→ **Information shown**
──────

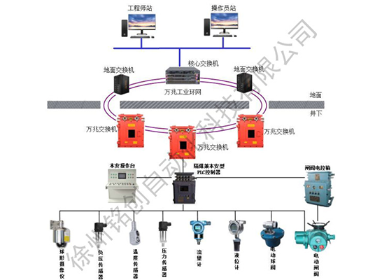 礦用排水監(jiān)控系統(tǒng)采用可編程控制器(PLC)進行控制,通過圖形、圖像、曲線、數(shù)據(jù)、文字等方式,實時準確地反映系統(tǒng)工作狀態(tài)以及水倉水位、電機工作電流、電機溫度、軸承溫度、排水管流量、水泵狀態(tài)等參數(shù)。根據(jù)水倉的實時參數(shù)控制水泵輪流工作與適時啟動備用水泵,實現(xiàn)水泵按照水艙水位的高低和供電線路載荷情況自動啟停、自動輪詢、避峰填谷。同時,系統(tǒng)通過傳輸設(shè)備聯(lián)網(wǎng),可以實現(xiàn)多泵站無人值守,大大降低礦井泵站運行人工費用,節(jié)能減排,減員增效,有效提高礦井安全生產(chǎn)和自動化控制水平。
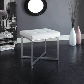 Com uma perna de trenó com base em X para maior estilo e sofisticação. Características: confortável assento estofado em couro sintético branco Impressionante cromado com base de metal com base em X Base Metálica Especificações: Dimensões do assento: 20" L x 16" P x 19" H Dimensões do produto: 20" L x 16" P x 19" H Peso do produto: 12 libras - Assento confortável estofado em couro sintético branco - Impressionante Base metálica cromada em X Base Leg - Almofada de assento tufada
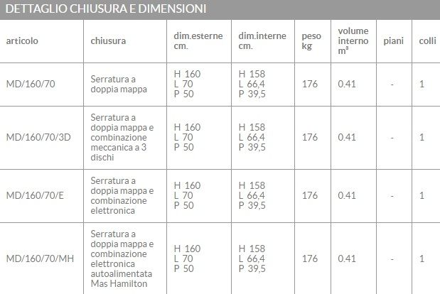 Per tutti i modelli il sistema può essere integrato da combinazione numerica a 3 dischi coassiali formante un milione di combinazioni, da combinazione elettronica, oppure da combinazione elettronica autoalimentata "Mas Hamilton". Le suddette serrature sono protette da una piastra di acciaio al manganese imperforabile al trapano.

──────

→ **Directions**
Give back, exactly as written, the lines from the top of the material through the line with "Com uma perna", ends included and pictures left aside.

→ **Output for this exercise**
 礦用排水監(jiān)控系統(tǒng)采用可編程控制器(PLC)進行控制,通過圖形、圖像、曲線、數(shù)據(jù)、文字等方式,實時準確地反映系統(tǒng)工作狀態(tài)以及水倉水位、電機工作電流、電機溫度、軸承溫度、排水管流量、水泵狀態(tài)等參數(shù)。根據(jù)水倉的實時參數(shù)控制水泵輪流工作與適時啟動備用水泵,實現(xiàn)水泵按照水艙水位的高低和供電線路載荷情況自動啟停、自動輪詢、避峰填谷。同時,系統(tǒng)通過傳輸設(shè)備聯(lián)網(wǎng),可以實現(xiàn)多泵站無人值守,大大降低礦井泵站運行人工費用,節(jié)能減排,減員增效,有效提高礦井安全生產(chǎn)和自動化控制水平。
 Com uma perna de trenó com base em X para maior estilo e sofisticação. Características: confortável assento estofado em couro sintético branco Impressionante cromado com base de metal com base em X Base Metálica Especificações: Dimensões do assento: 20" L x 16" P x 19" H Dimensões do produto: 20" L x 16" P x 19" H Peso do produto: 12 libras - Assento confortável estofado em couro sintético branco - Impressionante Base metálica cromada em X Base Leg - Almofada de assento tufada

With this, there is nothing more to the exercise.